If rainfall declined in the Indus region between 1800 and 1700 BCE, around 1500 BCE it increased again, making the Indus Plain better able to support life. It has been estimated by various scholars that between 1500 and 1200 an illiterate, pastoral people migrated from the northwest, perhaps the steppe lands of central Russia through what is now Afghanistan, onto the Indus Plain. These migrants were to be called Aryans and to be classified as Indo-Europeans, their speech having been related to all modern European languages except Basque, Finnish and Hungarian -- an Indo-European speech that is related to and a remnant of speech among people in India today.

Hinduism has its believers in a divine origins of the faith -- not unlike other religions across the world. They take pride in Hindu scripture being the oldest scripture among the great religions of today, claiming that Hindu scripture was composed sometime around 3000 BCE by several sages in direct contact with their god, Krishna. They object to the theory of outsiders, the Aryans, having invaded India and bringing with them that scripture. They claim that there is no evidence of any such Indo-European invasion and blame the theory on Christian scholars from the nineteenth century and endeavor to made the theory of an Aryan invasion politically incorrect.

The rival theory among scholars is that the so-called Aryans came to the Indus Plain on horseback and oxcart, in waves separated perhaps by decades or longer. Like other pastoral people, they were warriors. They had two-wheeled chariots like the Hyksos, and coming through the mountains and the Kyber Pass they had the precious wheels of their chariots packed away on their carts.

The Aryans were familiar with prowling and hunting with bow and arrow. They enjoyed chariot racing, gambling and fighting. Like other pastoral peoples, men dominated the women. Like the pastoral Hebrews each family was ruled by an authoritarian male. And each Aryan tribe was ruled by a king who felt obliged to consult with tribal councils.
Gods, Creation and Human Mortality

Like other pastoral people, the Aryans were storytellers. They had centuries old sacred hymns, myths and oral history -- stories that expressed their desire to please the gods. Like the Hebrews, the Aryans had a father god of the heaven, sky and atmosphere: Dyaus Pitar (sky father). They had a male god of thunder and rain called Indra, who was a god also of that other awesome disturbance -- war. Indra was also called the "breaker of forts." And he was what the Aryan men thought a man should be: a warrior with courage, strength and energy who enjoyed drinking and making war.

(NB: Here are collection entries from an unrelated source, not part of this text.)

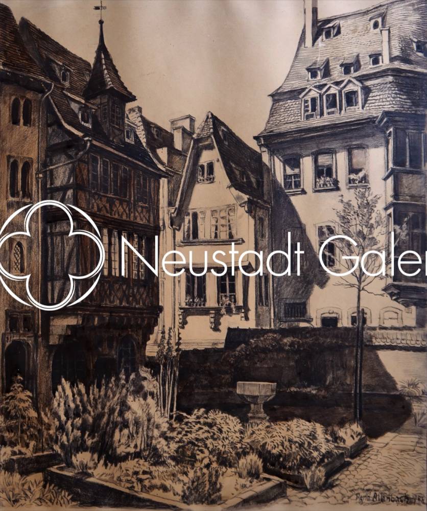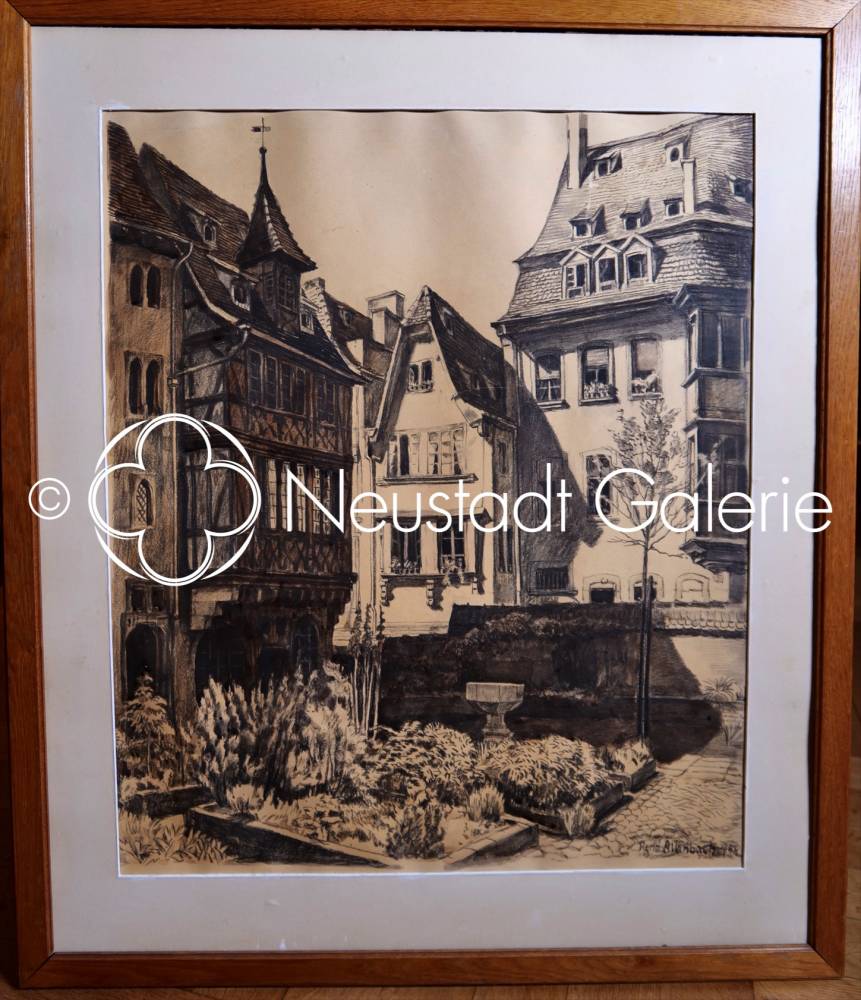 René ALLENBACH "Jardin gothique du musée de l'oeuvre Notre Dame à Strasbourg" Fusain (avec son cadre)
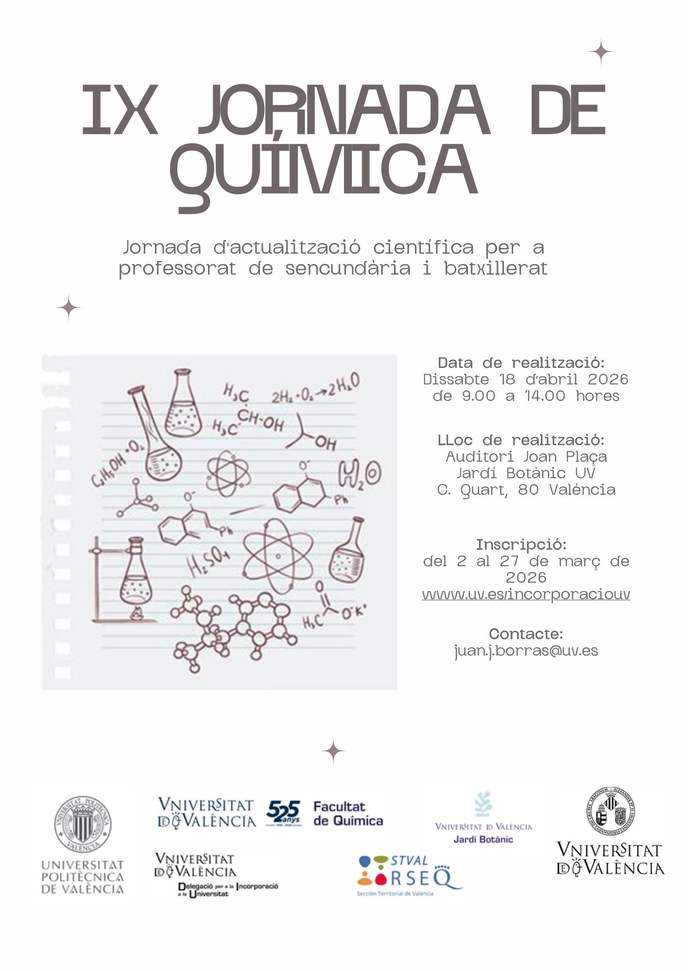 IX JORNADA DE QUÍMICA PER AL PROFESSORAT DE SENCUNDÀRIA
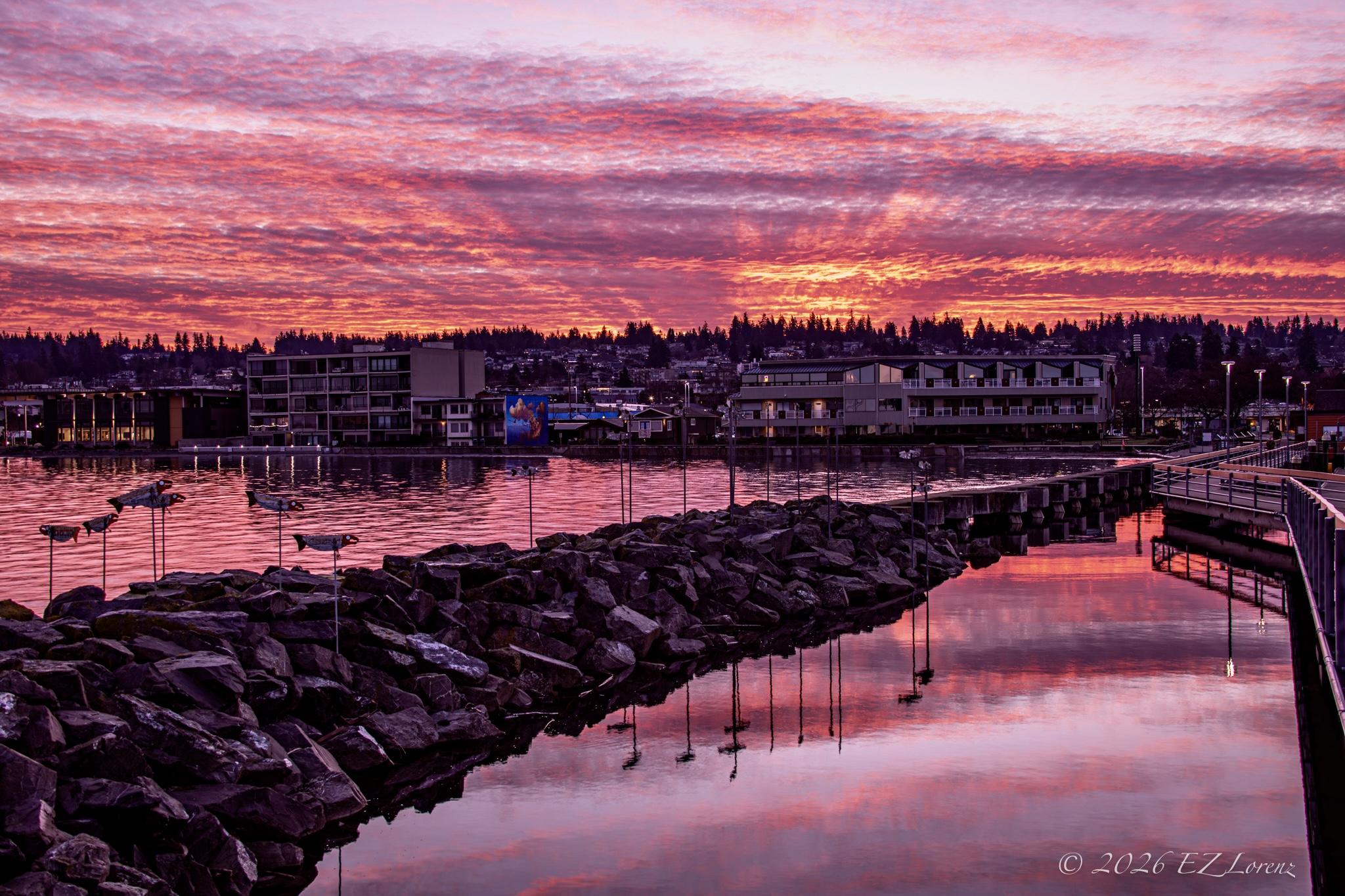 #Washington #PNW #Sunrise #Ferry #Reflection #Photo #Cars #Traveling #View #PhotoOfTheDay #Red #Winter #December
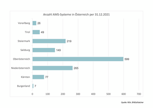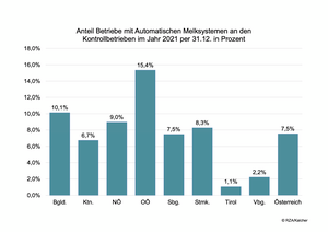 Anzahl Betriebe mit Automatischen Melksystemen in Österreich nach Bundesländern per 31.12.2021.
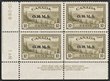 1949 'O.H.M.S.' opt Power Station 14c sepia, blk of 4, LR stamp variety 'missing stop after S'. Superb fresh MUH. SG O167/O167a cat £416+ as singles. Unitrade O7/O7a cat C$270+. (P) |
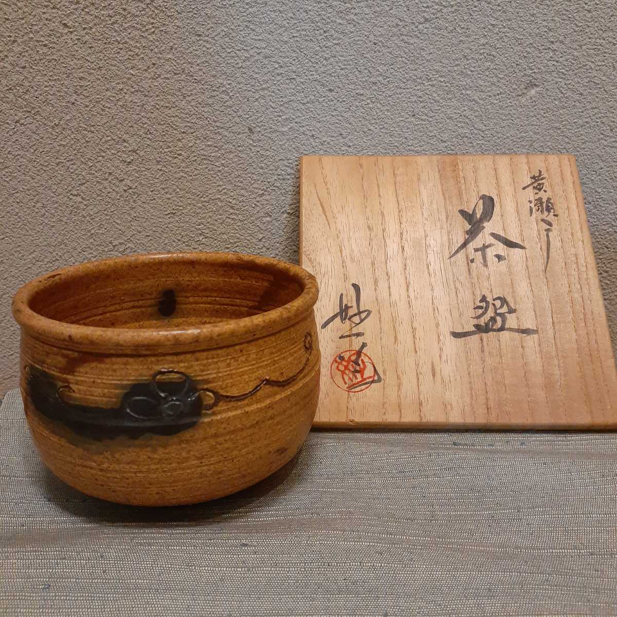 - 茶碗 黄瀬戸 共箱 約11.8cm×7.8cm
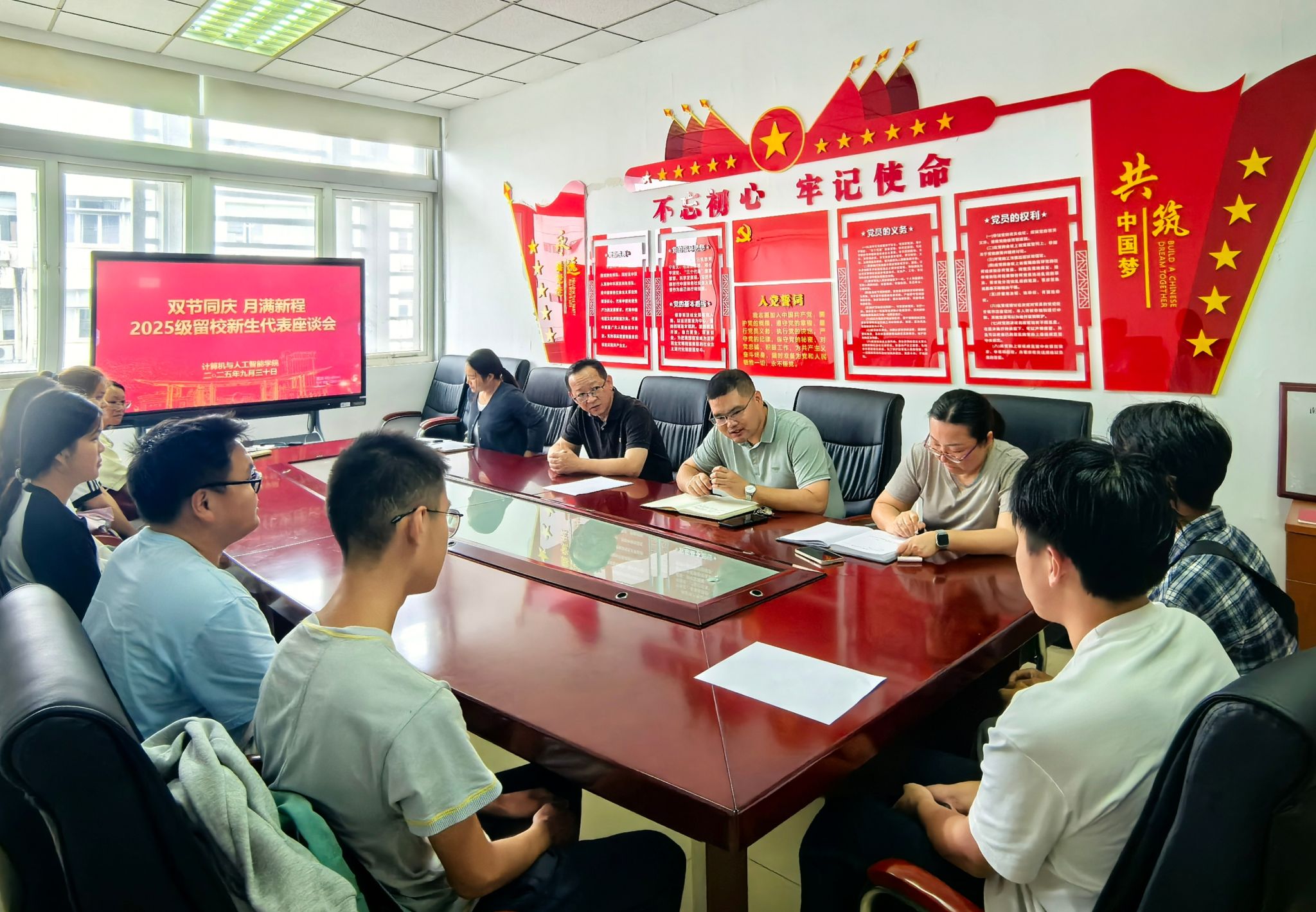举办"双节同庆·月满新程"2025级留校新生代表座谈会。学院党委书记张阳军、党委副书记马健及2025级辅导员与部分留校少数民族新生代表围坐一堂,共话团圆,同迎国庆。
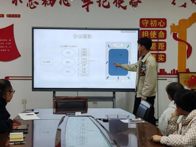 会议伊始,研究生骨干任嵘芝以“理论结合实践,让镜头更有温度”为导向,从宣传工作高频使用的摄影构图法切入,围绕中心式构图、低角度机位、引导线构图三大核心拍摄方法展开系统讲解。她结合学院往期活动纪实、会议记录等真实拍摄案例,生动剖析不同构图法在突出主体、营造氛围、传递信息等方面的应用场景与操作要点,帮助骨干快速掌握理论知识向实践转化的技巧。随后,第四届研究生会成员宋一鸣立足日常宣传工作经验,针对骨干在实际拍摄中常面临的光线把控难题、动态场景抓拍时机等痛点,进行精准的经验分享与技巧补充,通过学习优秀拍摄作品,直观传授调整思路,进一步强化骨干的实操认知。活动过程中,参会成员主动结合工作疑问交流探讨,现场互动频繁、学习氛围浓厚,充分展现了研究生骨干主动提升专业能力、服务学院发展的积极态度。
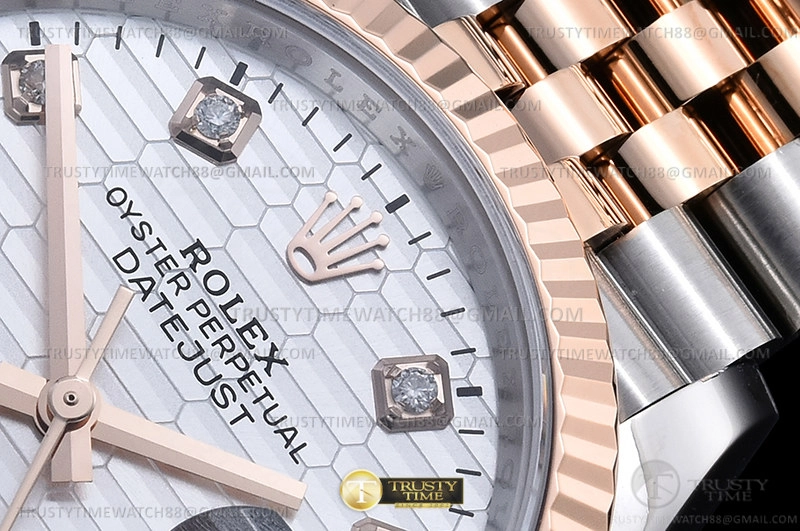 Часы Rolex из коллекции DateJust. Классические женские часы Rolex DateJust 36mm 126231-0039 премиального качества (Артикул магазина: RX-2531) оснащены надежным автоматическим механизмом с автоподзаводом (работает от амплитуды движения руки) калибра 3235, в котором реализованы следующие функции: часовая, минутная и секундная стрелки, а так же дата. Круглый корпус часов комбинированного сталь с розового золота цвета, имеющий размер 36 мм и высоту 12 мм превосходно дополнит образ и украсит запястье своего обладателя. Для изготовления часов Rolex DateJust 36mm 126231-0039 предлагаемых в нашем интернет-магазине, применяются нержавеющая сталь 316F высокого качества (Швейцарский стандарт), а так же сапфировое стекло высокой прочности, благодаря чему обеспечивается максимальная защита от сколов и механических повреждений. Отличительной чертой данной модели является серебристый циферблат, часовые индексы которого обеспечивают камни. Завершает образ браслет из нержавеющей стали комбинированного сталь с розовым золотом цвета с фирменной раскладывающейся застежкой Rolex. Водонепроницаемость данной модели составляет 30М (WR30) – допускается минимальное воздействие с водой.

The Aryans had a god of fire they called Agni. To the Aryans, Agni was fire, and they believed that Agni hungrily devoured the animals that they sacrificed in their rituals of burning. These sacrifices were performed by priests to obtain from their gods the gifts of children, success in war, wealth, health, longevity, food, drink or anything else that contributed to their happiness.

The Aryans enjoyed singing around their campfires, and they had a hymn about creation. Like many other creation myths, theirs described the world as beginning with the kind of creation they understood: birth. They believed that their father god, Dyaus Pitar, the embodiment of sky, had mated with his own daughter, the goddess that was earth.

A later Aryan version of The Creation reads as follows:

In the beginning was nothing, neither heaven nor earth nor space in between. Then Non-being became spirit and said: "Let me be!" He warmed himself, and from this was born fire. He warmed himself further, and from this was born light.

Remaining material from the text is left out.